Could people home-brew heroin? Well, not quite, but that notion became more plausible this month as scientists at Stanford University announced developing a technique essentially to covert yeast into potent painkillers.
Heroin, and narcotics such as Vicodin and OxyContin, all belong to the opioid family and can only be derived from the tarry sap of the poppy plant.
But by manipulating yeast, Stanford’s Christina Smolke and her team are able to bypass the flower all together.
Bioengineered painkillers
“What we’ve done here is we’ve put in synthetic DNA, which encodes new directions in the yeast cells,” Smolke said.
Genes from rats, bacteria and other poppy plants have been inserted into the yeast to produce thebaine, a compound that can then be converted into morphine or codeine. Researchers have also been able to create another strain to make hydrocodone, the active ingredient in Vicodin.
The motivation behind this all is eventually to create safer medications — pills that can dull the pain and be less addictiive but not have the negative side effects that opioids have such as slowing down breathing. In addition, manufacturing of these medicines wouldn’t have to rely on current poppy supplies, which can be subject to political whims and weather.
So can just anyone go to the grocery store and buy some yeast to tinker with in their kitchen? Not anytime soon.
First of all, Smolke explained that the yeast has to be grown in a controlled environment. “At home, you stick yeast at the bottom of a barrel, but in labs, everything is controlled in special vessels,” she said.
Home-brewing narcotics
And just to make sure, Smolke and her team tried to grow yeast, in essence, at home. “We grew them under home-brew condition, and you get no production of these compounds. It’s just to say, that there’s this divide in how easy it can be transferred to a home-brew-type setting. And there will be some real challenges with how these strains grow,” she said.

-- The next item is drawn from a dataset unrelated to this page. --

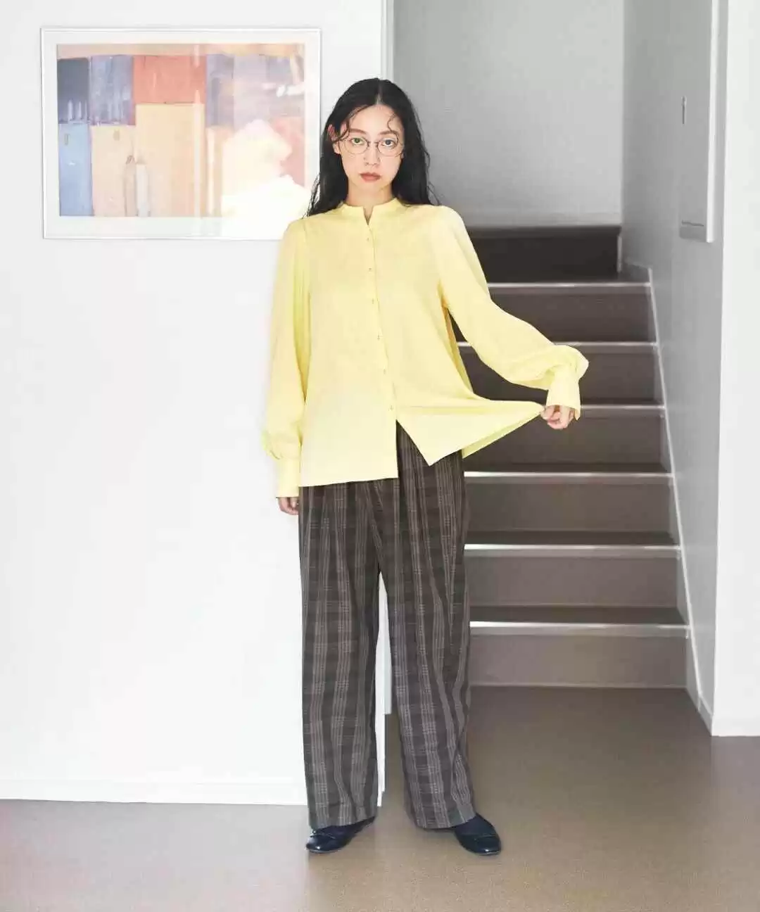 明亮的黄色衬衫,就像把秋日森林的阳光穿在身上,搭配格纹长裤,张弛有度的造型展现搭配技巧。
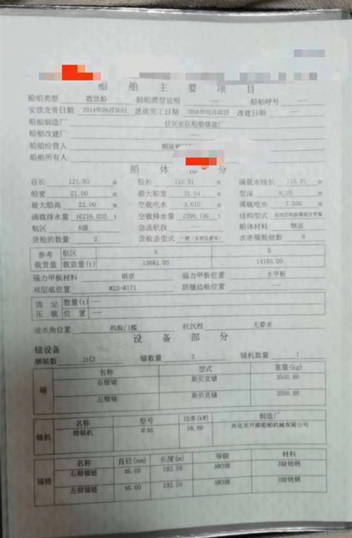 中驾驶2016年2月扬州造,铜陵户,最大船高22,主机淄博1350*2,龙筋11道,

Currently, even under the perfect lab conditions, it takes thousands of liters of yeast to yield one dose of medicine. The research isn’t at commercial levels yet, Smolke said. “We need to improve the yield, and the rate at how the yeast converts into these molecules.”
But it’s the future of where this technology is going that has people concerned. What happens when it becomes more efficient and gets in the wrong hands?
Looking to the future
“I’m not that worried about what’s taking place now,” said Kenneth Oye, a political science and engineering professor at the MIT. But he said there needs to be discussions on the potential danger this technology could bring. “It is really moving fast.”
Ed You, a supervisory special agent with the FBI, agrees. “The efficiencies aren’t there yet, but they will get there,” he said. “The ultimate goal is to make this a marketable product for health care. And you can’t look at the home-brew as a snapshot. We need to look at a holistic approach.”
In fact, You has already begun discussions with researchers such as Smolke and Oye as well as other scientists and policy experts on how to make this process safe for the future.
Smolke and her team do have a license through the Drug Enforcement Administration for her strains. And it is something about which the DEA is concerned. “The last thing we want to say is we wish we put more controls, but at this point where we are now, we feel they are in place,” said DEA spokesman Eduardo Chavez.
So, just how fast is the future coming? Sooner than you may think. “I think the technology can be developed straight up, enter into commercial scale up, within two years or so,” Smolke said.
So maybe Walter White’s protégé could be producing yeast-made heroin in a future television series.